I vowed to take her up on her offer someday. And I did.
My wife led me into a conversation a couple of weeks ago, “You liked the movie ‘Scent of A Woman.’ ”
“I think so.”
“You said that you enjoyed the tango music.”
“The next symphony performance includes a piece with a tango subtheme.”
The only “sub” that I remember was Nemo’s Submarine Voyage at Disneyland.
“Want to come along?”
“Can I attend Eckert’s pre-symphony tête-à-tête?”
“ ‘Tête-à-tête’ is French. Conductor Preu is German. And there’ll be over 100 people listening to his remarks. So much more than a tête-à-tête.”
I regretted using a French word. Kids raised in Hillyard always do.
But I did not regret listening to Conductor Preu. He does cut a dashing figure. Husbands of Spokane, do not let your wife attend the symphony unaccompanied.
Most of this kind of classical music is written to indicate events, like a “merry gathering of country folk,” “thunderstorms” and “happy, grateful feelings after the storm.” The conductor’s background information is useful because the music played at these concerts has no words. Nothing to tell you who’s hurtin’ who, so tips on events portrayed by the music are welcome to those of us who were raised on Top 40 tunes.
Preu introduced the out-of-town guest violinist (Tim Fain) at the background meeting so that we could get a sample of his skill.

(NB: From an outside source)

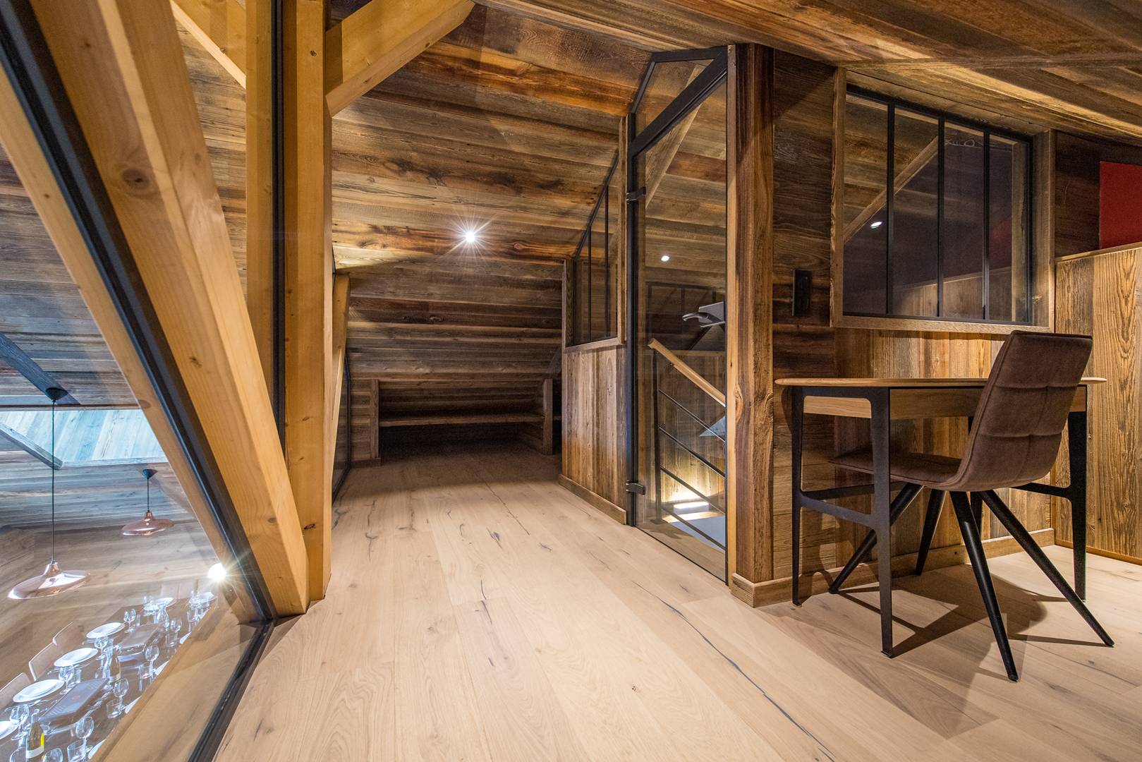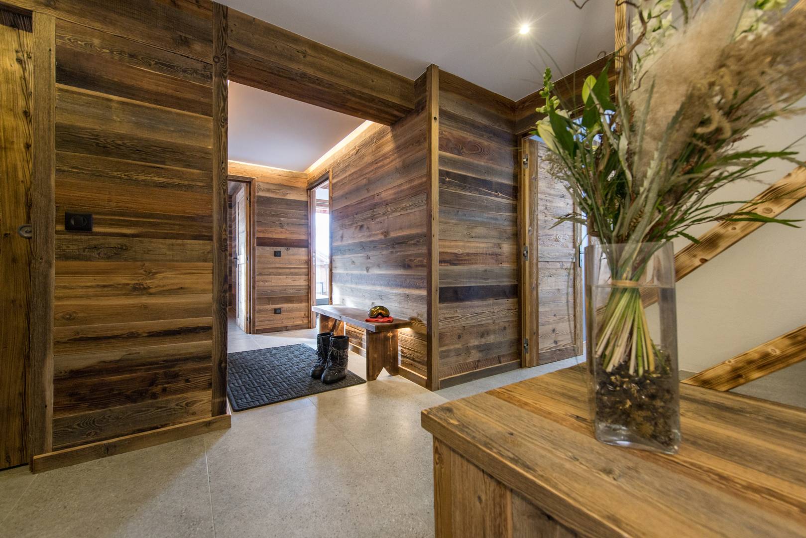 You can enter the chalet either through the main entrance or through the ski room to store ski equipment warm and safe.

The guy poured notes out of his violin. Fain bends his knees and rips the bow across the strings like he is pumping the instrument for all it’s got. He probably wears out two or three violins a week.
Then came the actual symphonic performance.
Conductor Preu turns his back to the audience and does three or four jerking motions with his arms and the entire orchestra recognizes which of those jerks means to start playing because bingo, the strings and the horns all kick in at once.
The musicians’ faces are a worthy study as the concert heats up. Some remain stone. Others give a ferocious look when the music is building to a crescendo. Some alternate smiles with grimaces.
The concert master has the unlikely name of Mateusz Wolski. His face is the busiest on the stage. His eyebrows jump up and down, he reshapes his mouth with every musical mood change. He purses his lips and twists his body in order to saw his violin in just the way required for the part.
Some bow strands break but the cellists play on.
The bass players are fortunate to have something to lean against since they stand and stroke on those big instruments with a 20-pound bow for a couple of hours straight, only getting a break when they are plucking.
Every musician displays a tired smile at the end of the concert.
By the last note, Conductor Preu perspires and appears thoroughly exhausted. He has sweated his hair wet.
The women of Spokane are safe from Mr. Continental after the symphony. Eckart doesn’t have the energy to rendezvous with anyone’s wife for a candlelit dinner in some out-of-the-way cafe.